Generally, 5-ASA is the preferred first-line treatment for UC and oral steroids should be considered for patients who do not respond adequately to 5-ASA [4]. Patients with steroid dependent UC should be treated with an either azathioprine, 6-mercaptopurine, TNF-inhibitor or vedolizumab [4]. Regarding treatment for de novo UC after KT, no standard protocol has been established because of complexities arising from combined use of common IBD therapy and antirejection therapy. Considering previously published data of de novo UC cases in Table 2, 5-ASA, steroid or sulfasalazine have implicated in protective control against deterioration in IBD activity. TNF-α antibody (infliximab) is an established option for refractory IBD [4], but application for KT patients is still a matter of debate. Temme et al. reported the first case reports which demonstrated the clinical remission using infliximab for KT recipients with steroid-refractory UC diagnosed before KT [13]. Garrouste et al. reported seven KT recipients with IBD (5 patients with Crohn’s disease and 2 patients with UC) who were treated with anti-TNF-α therapy. According to their report, over 80% of patients achieved clinical responses [14]. Nonetheless, several complications were observed. Two patients developed infections and developed cancer [14]. In one case with Crohn disease, both acute antibody-mediated rejection and acute T-cell-mediated rejection occurred [14]. In our case, clinical remission has been maintained without any complications such as serious infection events, cancer or rejection. For preventing serious infection and rejection, elaborating the use of multiple immunosuppressants could be a value. We decided to suspend administration of methylprednisolone for 2 months at the timing of anti TNF-α therapy initiation. Confirming that no serious infections developed, methylprednisolone was resumed to reduce the risk of rejection. Williams et al. reported that anti-TNFα therapy was not associated with an increased risk of malignancy in patients with IBD [15]. Regulating bowel inflammation by anti TNF-α therapy might rather contribute to lower the risk of colon cancer. Therefore, anti TNF-α therapy with careful attention to prevention of infection and protection of graft function, could be a therapeutic alternative during aggravation of symptoms in a refractory case.

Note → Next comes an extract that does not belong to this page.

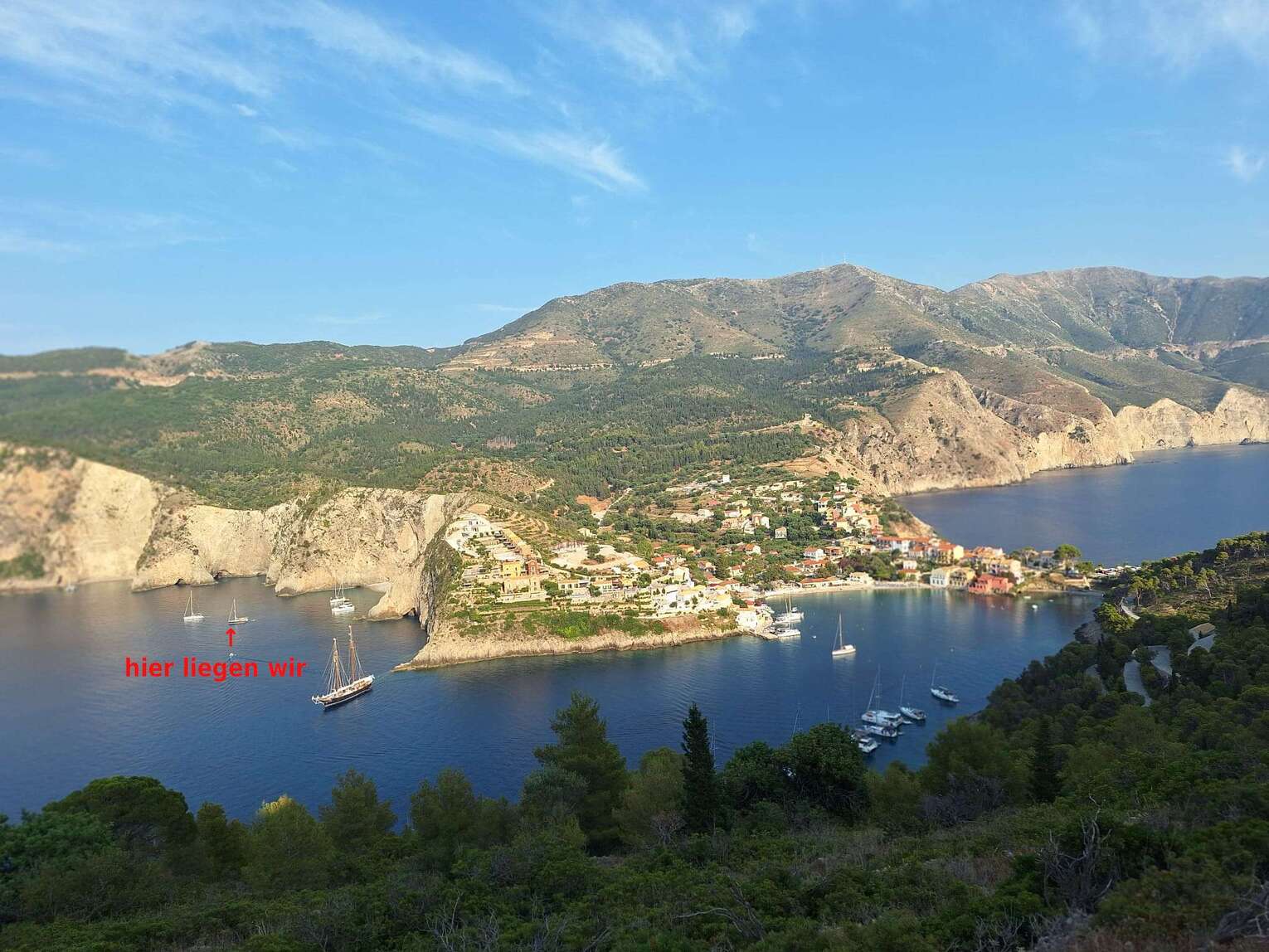 Am Nachmittag bringen wir ofenfrisches Sauerteig Focaccia zu unseren Freunden, die mit Landleinen tiefer in der Bucht vor Anker liegen. Man darf dabei nicht an das trockene Foccacia denken, das man in Deutschland bei der Pizzeria um die Ecke vorgesetzt bekommt. Unser Foccaccia, erinnert eher an Pizza Bianca, wie man sie im Raum Rom auf großen Blechen beim Bäcker bekommt. Mit reichlich Olivenöl, grobem Meersalz und Rosmarin - auch Silvan und Manuela sind begeistert. Asos bleibt dann die nördlichste Station für uns auf Kefalonia.

In conclusion, we report the detailed clinical course of a case of new-onset UC after KT treated with anti TNF-α therapy. De novo IBD should be considered a differential diagnosis in patients presenting post-transplantation diarrhea. Comprehensive evaluation with prompt colonoscopy and histopathological examination is recommended. Cooperation between transplantation physicians and gastroenterologists is essential during therapy.